- Born: April 14, 2000 (age 26) Valenciennes, Nord, France
- Height: 163 cm (5 ft 4 in)
- Weight: 55 kg (121 lb; 8.7 st)
- Style: Kickboxing
- Stance: Orthodox
- Fighting out of: Brussels, Belgium
- Team: Team Halouane Queensbury Gym (2020–2023) Valon Basha Gym (2024-present)
- Years active: 2019–present

Kickboxing record
- Total: 14
- Wins: 10
- By knockout: 1
- Losses: 4
- By knockout: 1

Mixed martial arts record
- Total: 1
- Wins: 1
- By knockout: 1
- Losses: 0

= Sarah Moussaddak =

French-Moroccan kickboxer and mixed martial artist (born 2000)

Sarah Moussaddak (born April 14, 2000) is a French-Moroccan kickboxer and mixed martial artist.

==Kickboxing career==
Moussadak made her WFL promotional debut against Samantha Van Doorn at World Fighting League on February 17, 2019. She won the fight by unanimous decision. This victory earned Moussadak a contract with Glory, as she faced Jiwaen Lee at Glory 64: Strasbourg on March 9, 2019, as a late-notice replacement for Esma Hasshass. She won her Glory debut by split decision. Moussadak next faced Aurore Dos Santos at Glory 66: Paris on June 22, 2019. She won the fight by unanimous decision.

Moussadak Christi Brereton at Glory 69: Düsseldorf on October 12, 2019, in her third Glory appearance. She lost the fight by split decision. Moussadak next fought outside of Glory, as she faced Emma Gongora at Nuit Des Champions on November 16, 2019. She once again lost the fight by split decision.

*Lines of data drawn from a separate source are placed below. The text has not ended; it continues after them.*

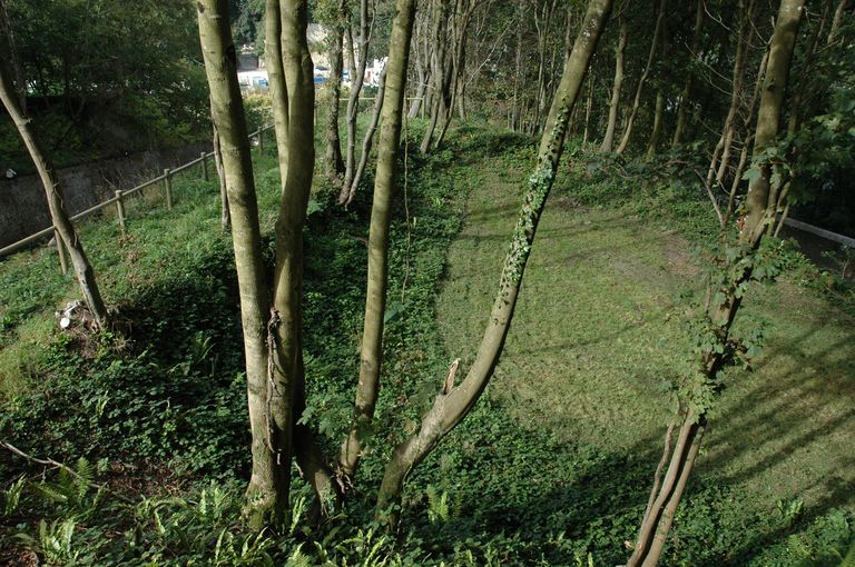 Vue de l'ouvrage à cornes de Quéliverzan : ancienne plateforme d'artillerieImmatriculation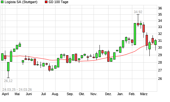 Mit dem Rücksetzer auf 30,42 EUR hat die Compañia de Distribucion Integral Logista S.A.-Aktie am 23.03.2026 die 100-Tage-Linie nach unten gekreuzt.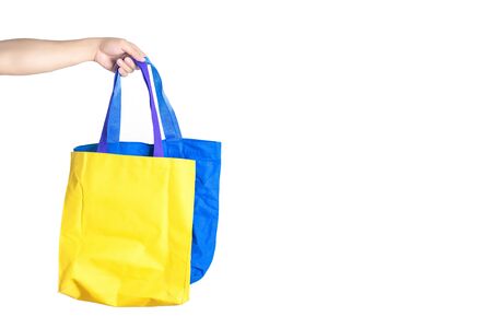 Hand holding shopping bags isolate on white background.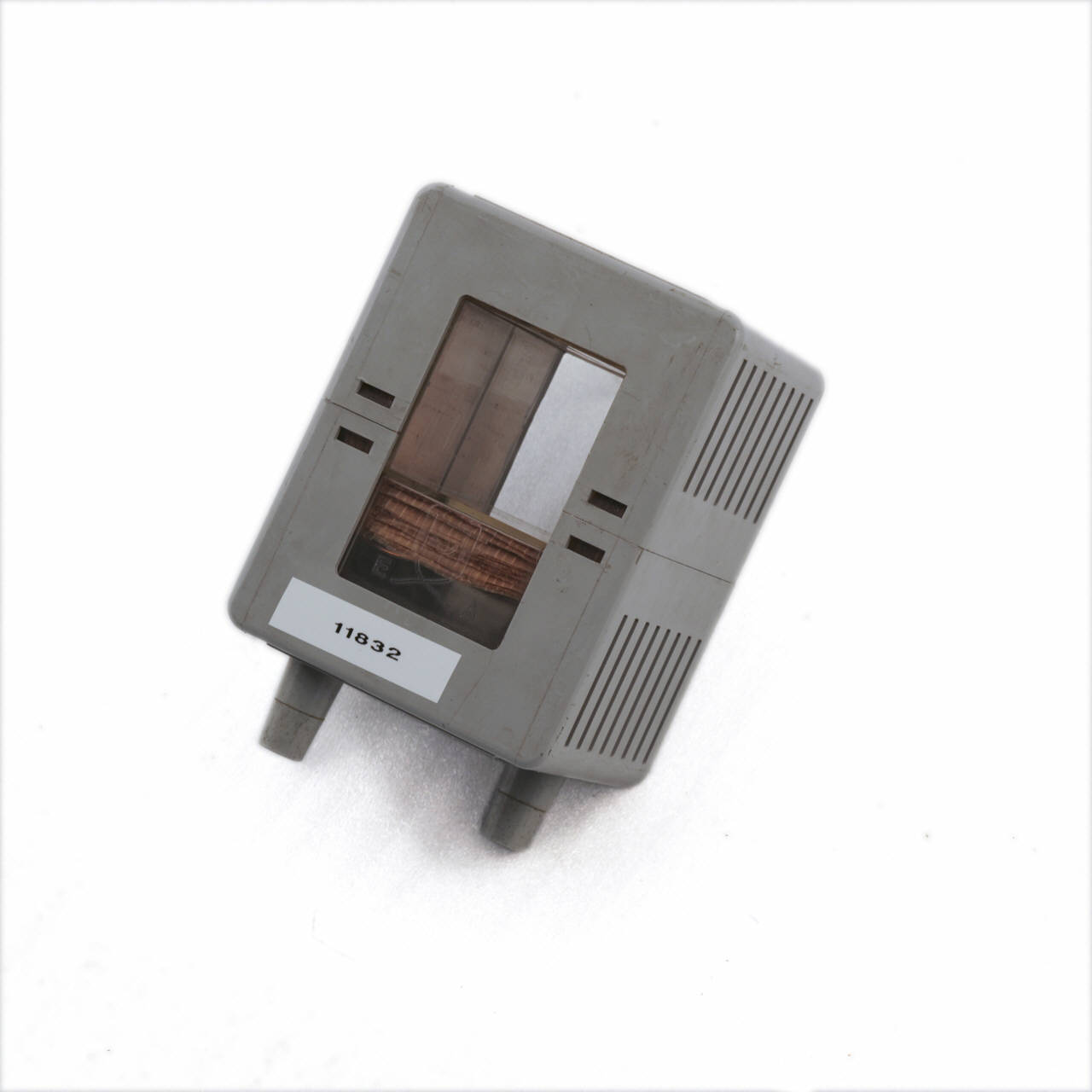 Questa bobina è costituita da 23000 spire. Gli avvolgimenti sono realizzati con fili di rame di spessore 0,1mm.\nLa custodia delle bobine è in materiale sintetico ed è chiusa da tutte le parti, con fessure laterali per il raffreddamento ed apertura quadrata per inserirvi il nucleo ad U. Una piccola zona trasparente nella parte superiore permette di vedere gli avvolgimenti.\nInizio e fine degli avvolgimenti sono collegati a due boccole da alta tensione (di ingresso e di uscita) poste sulla parete frontale, nelle quali vanno inseriti gli elettrodi a corna (attualmente mancanti).\nVicino alle boccole sono impressi il nome della ditta costruttrice, il modello, il numero di spire, la resistenza in corrente continua, l'induttanza e la corrente massima ammessa in modo permanente.

Moussadak returned from a near two-year absence from the sport to face Ella Grapperhouse for the ISKA European -57 kg title, at the October 16, 2021 Fighting Edition event. She captured her first professional title by decision. After capturing the European ISKA title, Moussadak was booked to challenge Anta Marina Sanchez for the WAKO World -56 kg Championship at the May 14, 2022 Fighting Edition event. She won the five-round bout by decision.

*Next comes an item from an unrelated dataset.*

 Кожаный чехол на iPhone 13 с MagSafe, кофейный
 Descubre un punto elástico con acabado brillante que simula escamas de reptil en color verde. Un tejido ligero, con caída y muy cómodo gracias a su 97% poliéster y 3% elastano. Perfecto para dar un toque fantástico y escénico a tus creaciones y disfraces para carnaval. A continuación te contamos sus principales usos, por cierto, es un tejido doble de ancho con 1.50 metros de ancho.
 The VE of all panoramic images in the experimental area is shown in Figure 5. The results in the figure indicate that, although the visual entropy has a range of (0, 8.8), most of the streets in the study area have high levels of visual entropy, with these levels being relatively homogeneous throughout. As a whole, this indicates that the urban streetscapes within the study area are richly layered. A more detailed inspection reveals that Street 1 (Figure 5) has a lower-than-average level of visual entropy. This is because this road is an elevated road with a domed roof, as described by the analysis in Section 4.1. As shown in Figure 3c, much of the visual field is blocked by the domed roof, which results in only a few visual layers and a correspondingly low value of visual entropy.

Moussadak challenged Tiffany van Soest for the Glory Women's Super Bantamweight Championship at Glory: Collision 4 on October 8, 2022. She lost the fight by a narrow unanimous decision.

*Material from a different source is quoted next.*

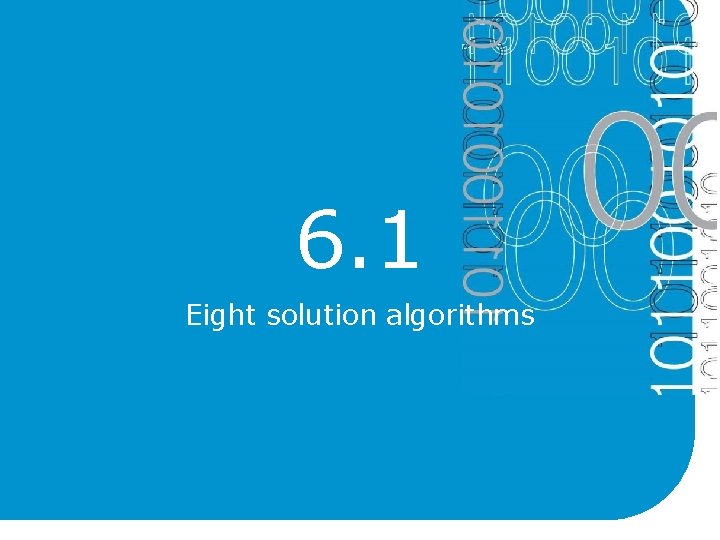 Eight solution algorithms • Each programming problem will be defined, the control structures required will be determined and a solution algorithm will be devised
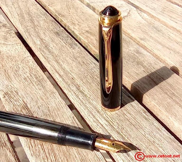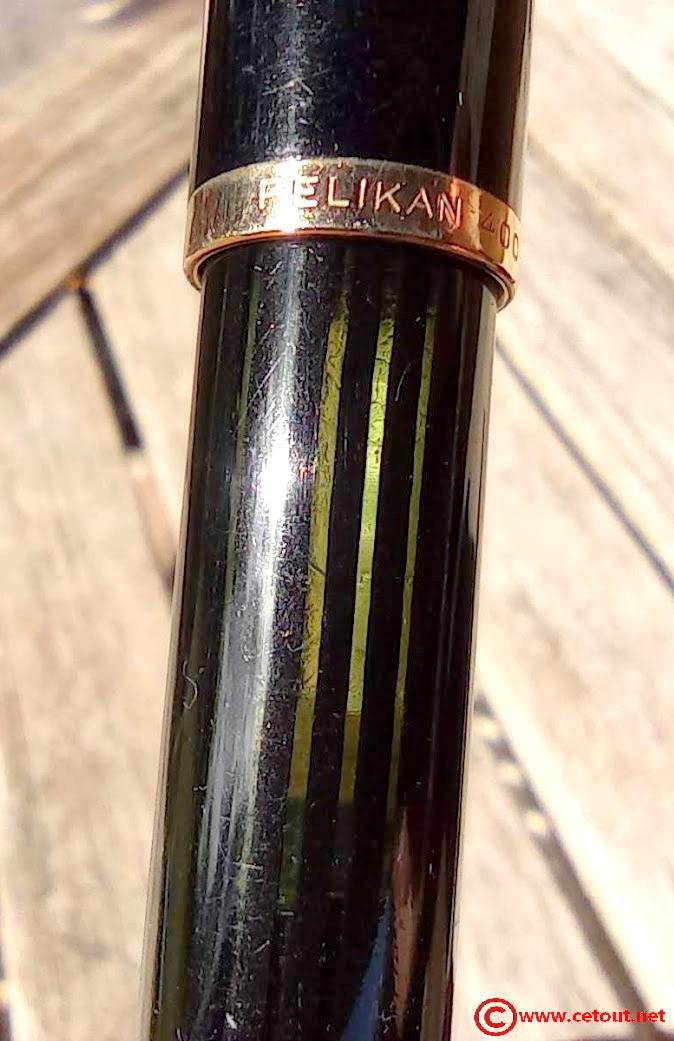 Base du capuchon avec 1 anneau doré. Inscription : « PELIKAN 400 GERMANY »

Moussadak was expected to face Giuliana Cosnard at Glory Rivals 5 on January 28, 2023. She later withdrew with an injury and was replaced by Tessa de Kom. Moussadak was expected to face Joana Kiptiu at Fight Night One on April 29, 2023. Moussadak was rescheduled to face Guiliana Cosnard at Glory 86 on May 27, 2023, as her fight with Kiptiu likewise fell through for undisclosed reasons. Moussaddak won the fight by unanimous decision.

Moussadak challenged the Glory Women's Super Bantamweight champion Tiffany van Soest for the second time at Glory 88 on September 9, 2023. She lost the fight by a second-round knockout.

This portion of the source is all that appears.